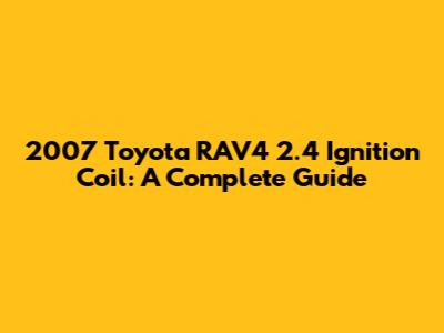 Understanding Your 2007 Toyota RAV4 2.4 Ignition System
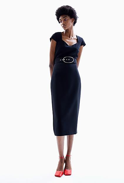 ¿La mala noticia? Que no sabemos de dónde es. ¿La buena? Que tenemos una copia low cost casi idéntica. Y la hemos encontrado en Sfera. Se trata de un vestido negro midi, también de maga corta que se diferencia en que el corte de la falda es más de tubo y queda algo más ajustada y en que tiene un bonito escote corazón. Además, lleva un cinturón con hebilla que marca la cintura y define la silueta. ¡Es ideal! Cuesta 49,99 euros y al ser de nueva colección puedes hacerte con él en cualquier talla.
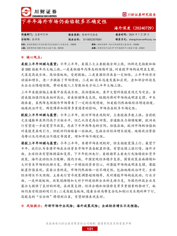 【川财证券】【20240729】海外深度:下半年海外市场仍面临较多不确定性-21页 行业研究
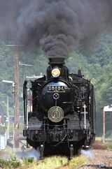 記事に戻る 走る産業文化財、「動態保存」蒸気機関車の軌跡 国鉄時代の「やまぐち号」から東武「大樹」までの写真一覧 下に画像が続きます C57形1号機が牽引する「やまぐち号」。客車はJR化後に導入された12系のレトロ調客車だ(撮影:南正時) 5/91

========================================================================

▶ _What you will do_
Give the data again exactly as written, with no pictures included.

▶ _Solution_
 Understanding Your 2007 Toyota RAV4 2.4 Ignition System
 ¿La mala noticia? Que no sabemos de dónde es. ¿La buena? Que tenemos una copia low cost casi idéntica. Y la hemos encontrado en Sfera. Se trata de un vestido negro midi, también de maga corta que se diferencia en que el corte de la falda es más de tubo y queda algo más ajustada y en que tiene un bonito escote corazón. Además, lleva un cinturón con hebilla que marca la cintura y define la silueta. ¡Es ideal! Cuesta 49,99 euros y al ser de nueva colección puedes hacerte con él en cualquier talla.
 【川财证券】【20240729】海外深度:下半年海外市场仍面临较多不确定性-21页 行业研究
 記事に戻る 走る産業文化財、「動態保存」蒸気機関車の軌跡 国鉄時代の「やまぐち号」から東武「大樹」までの写真一覧 下に画像が続きます C57形1号機が牽引する「やまぐち号」。客車はJR化後に導入された12系のレトロ調客車だ(撮影:南正時) 5/91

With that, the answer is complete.